A century ago, a passionate crowd packed the Ulster Hall to hear the leader of the Suffragette Movement, Emmeline Pankhurst demand votes for women. Leading feminist author Dr Margaret Ward returned to the same venue to deliver a lunchtime lecture to an equally packed Ulster Hall, on the Ulster Suffragettes, who risked prison and physical attack in their struggle for equality.

Her talk: ‘Prison, Protests and Hunger Strikes: the Ulster Suffragettes’ discussed the leading figures in the movement and their attacks on bastions of male power that led to many of them being incarcerated in Belfast Jail on the Crumlin Road.
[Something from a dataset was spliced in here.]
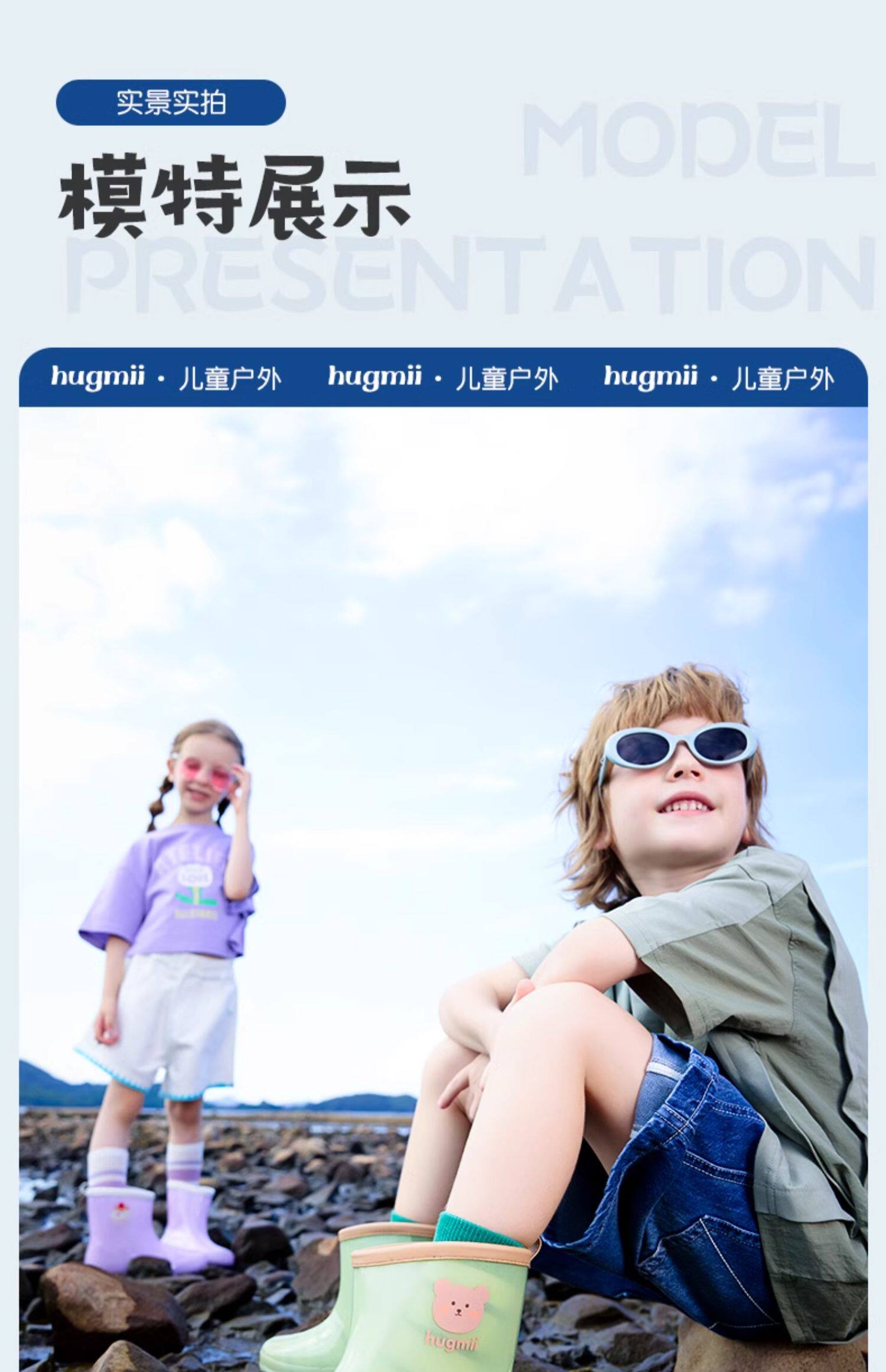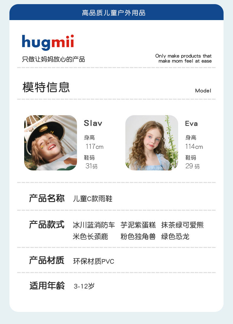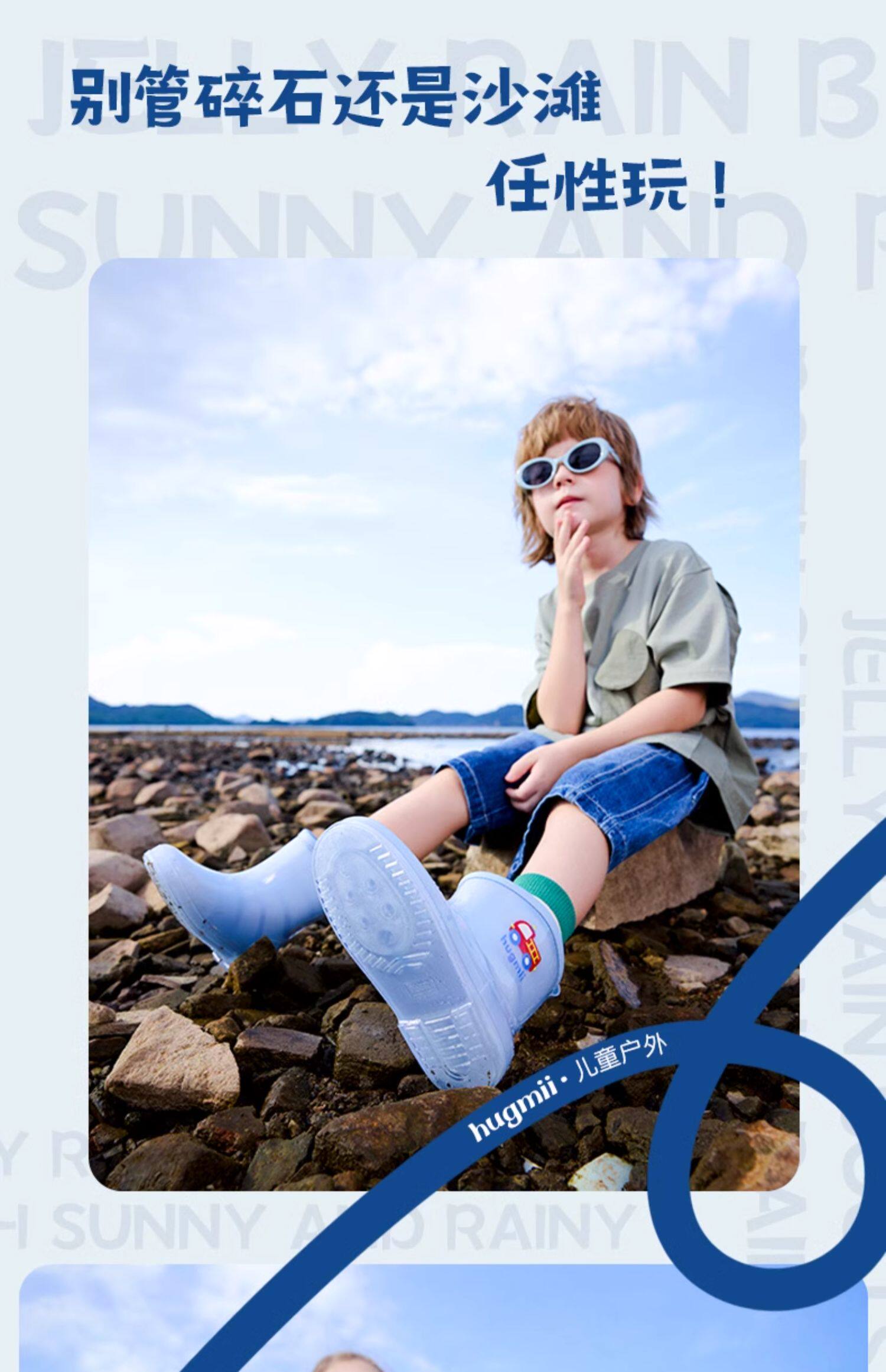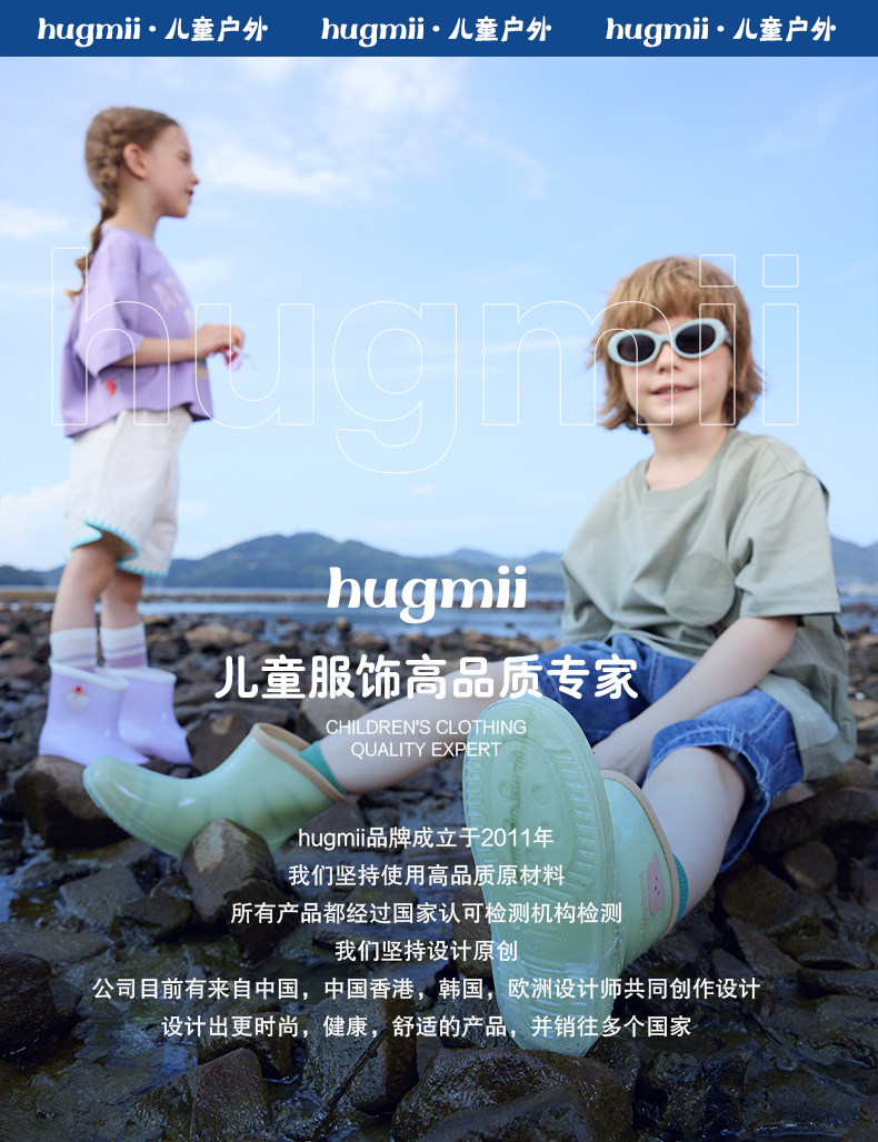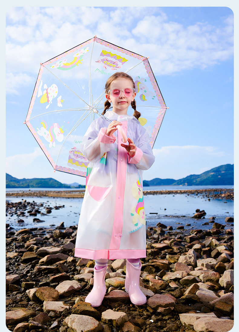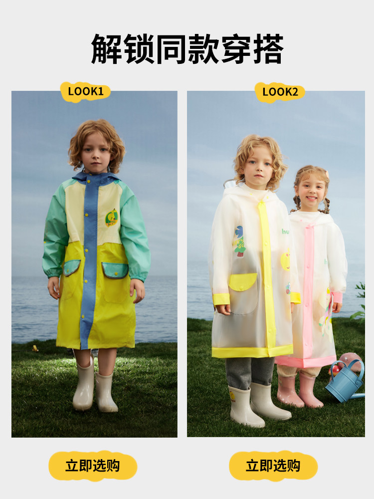 清仓!!【可爱环保,防风护雨】hugmii哈格美儿童雨鞋系列女童超轻云感雨披男童上学专用大帽檐雨衣带书包位

Margaret discussed the wider political situation at a time when Ireland was on the brink of civil war over the Home Rule crisis. Sir Edward Carson was a major target for the anger of the Suffragettes as he fervently opposed the rights of women to vote, while openly advocating rebellion. She talked about some of the key personalities in the Suffragette Movement in Ulster at the time including Dr Elizabeth Bell, the first woman to qualify as a doctor in Ireland. She was a leading suffragette who had been imprisoned in Holloway Women’s Prison when she took part in the WSPU’s campaign in England.

There was also Margaret McCoubrey, a Scot married to an Irish trade unionist from the Ormeau Road; Lilian Metge from Lisburn, a very active local militant who was jailed for her part in the attack on Lisburn Cathedral and Elizabeth Priestley McCracken, a writer from the Lisburn Road married to George McCracken, who acted as solicitor for the suffragettes.